● **Activity**
Exactly the lines from the one containing "2.手持轻量化设计,充电时间小于续航时间6小时以上。" through the end of the records must be reproduced; leave out all pictures.

● **Given entries**
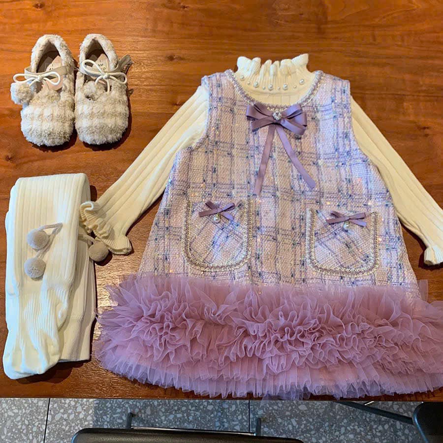 ![[🆕🇻🇳] Su An Kids – Phân phối Sỉ & Lẻ Quần áo trẻ em hàng Quảng Châu CC, VNTK 🧑🧒❤️️👶⭐️ – Set dạ tím hottrend lót lôg + áo len cổ ngọc
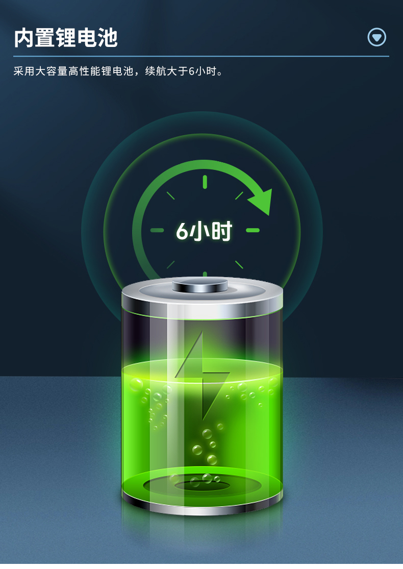 2.手持轻量化设计,充电时间小于续航时间6小时以上。
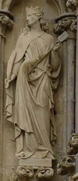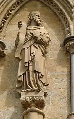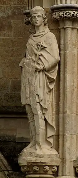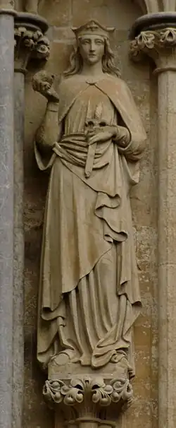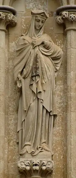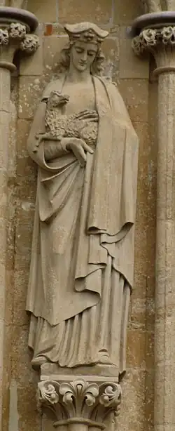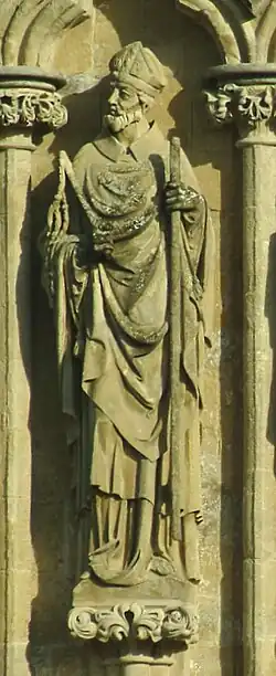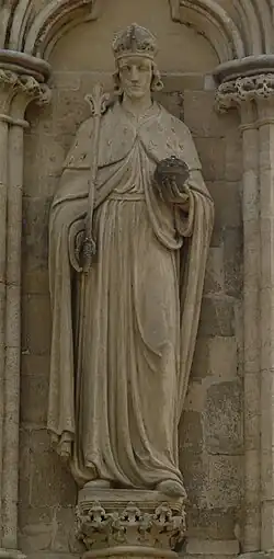 167 St Etheldreda After 1869 James Redfern On north face. Holding model church on right arm, staff in left hand.
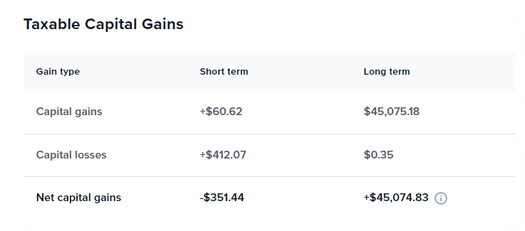 The capital gain amount is reflected on the “Capital gains” card in the CoinTracker Tax Center.
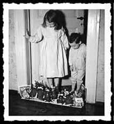 | | Mädchen mit ihrem Weihnachtsgeschenk, einem Standkaufladen der Firma Kibri
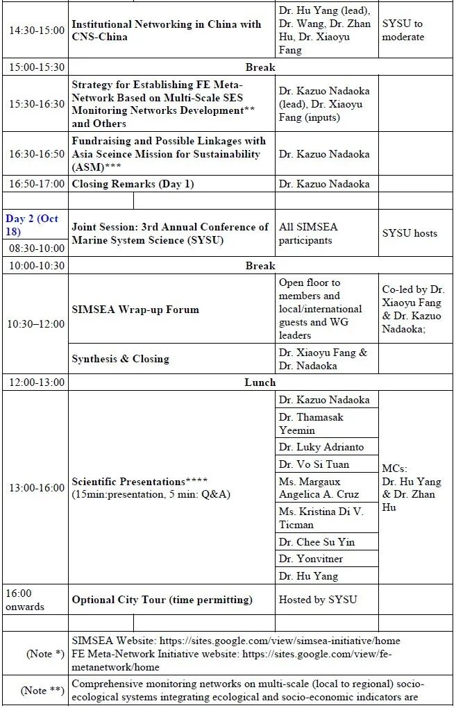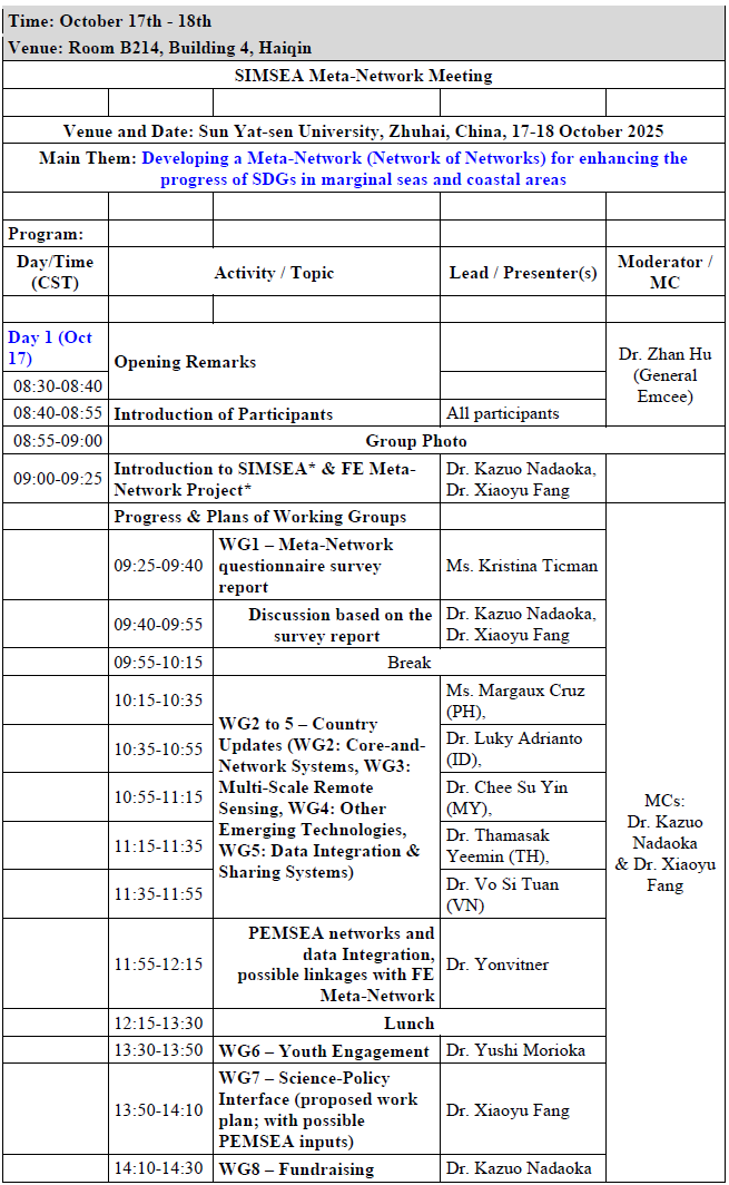 Sustainability Initiative for Marginal Seas of East and Southeast Asia (SIMSEA) (October 17-18)
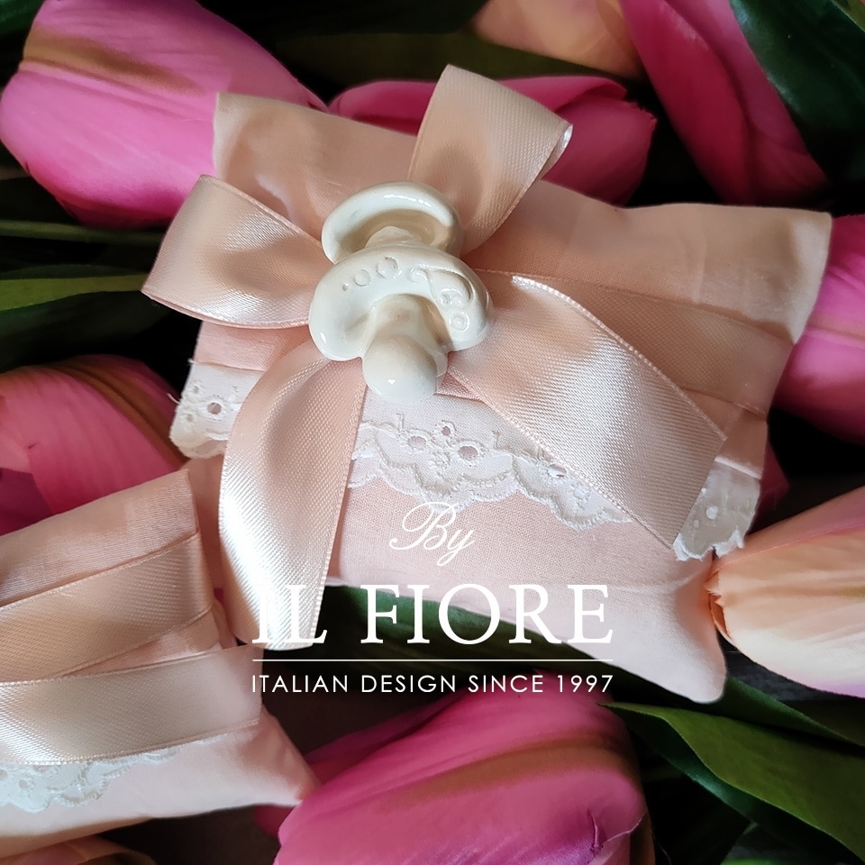 Bomboniera Battesimo sacchetto busta rosa o celeste con pizzo Sangallo, decorata con calamita biberon, ciuccio e piedino in gesso profumato.
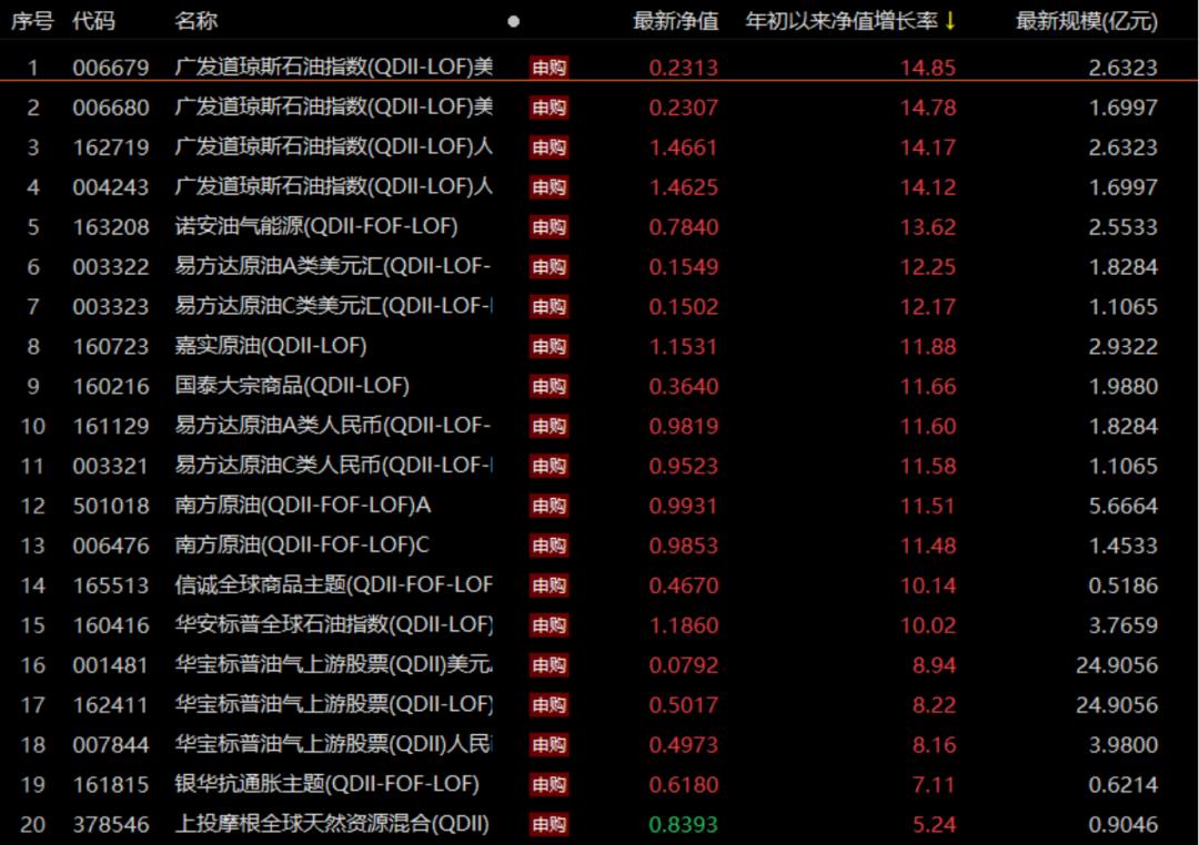 在QDII基金方面,广发道琼斯石油指数,诺安油气能源,今年以来的涨幅13%~14%,排在第15位的华安标普全球石油也上涨10%,排在后面的还有华宝标普油气。这些基金都直接与原油价格挂钩,好几只都属于FOF,投资的是全球市场上的原油类ETF。
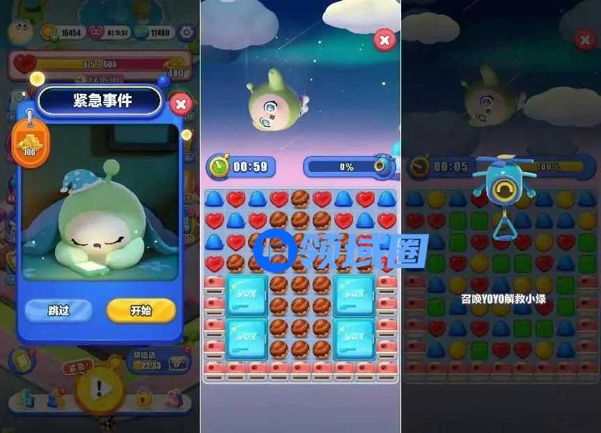除了普通关卡,《蛋仔滑滑》还额外增加了紧急事件和奖励关卡。其中紧急事件关卡结合了角色剧情,通关限制也从常规关卡的步数变成了时间。比如蛋小绿在睡梦中不小心从天上掉下来,玩家需要在指定时间内完成消除目标,才能获得YOYO,成功解救蛋小绿。
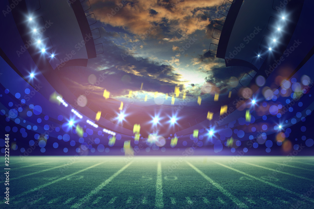 American Soccer Stadium 3d rendering. Mixed photos

● **Answer**
 2.手持轻量化设计,充电时间小于续航时间6小时以上。
 167 St Etheldreda After 1869 James Redfern On north face. Holding model church on right arm, staff in left hand.
 The capital gain amount is reflected on the “Capital gains” card in the CoinTracker Tax Center.
 | | Mädchen mit ihrem Weihnachtsgeschenk, einem Standkaufladen der Firma Kibri
 Sustainability Initiative for Marginal Seas of East and Southeast Asia (SIMSEA) (October 17-18)
 Bomboniera Battesimo sacchetto busta rosa o celeste con pizzo Sangallo, decorata con calamita biberon, ciuccio e piedino in gesso profumato.
 在QDII基金方面,广发道琼斯石油指数,诺安油气能源,今年以来的涨幅13%~14%,排在第15位的华安标普全球石油也上涨10%,排在后面的还有华宝标普油气。这些基金都直接与原油价格挂钩,好几只都属于FOF,投资的是全球市场上的原油类ETF。
除了普通关卡,《蛋仔滑滑》还额外增加了紧急事件和奖励关卡。其中紧急事件关卡结合了角色剧情,通关限制也从常规关卡的步数变成了时间。比如蛋小绿在睡梦中不小心从天上掉下来,玩家需要在指定时间内完成消除目标,才能获得YOYO,成功解救蛋小绿。
 American Soccer Stadium 3d rendering. Mixed photos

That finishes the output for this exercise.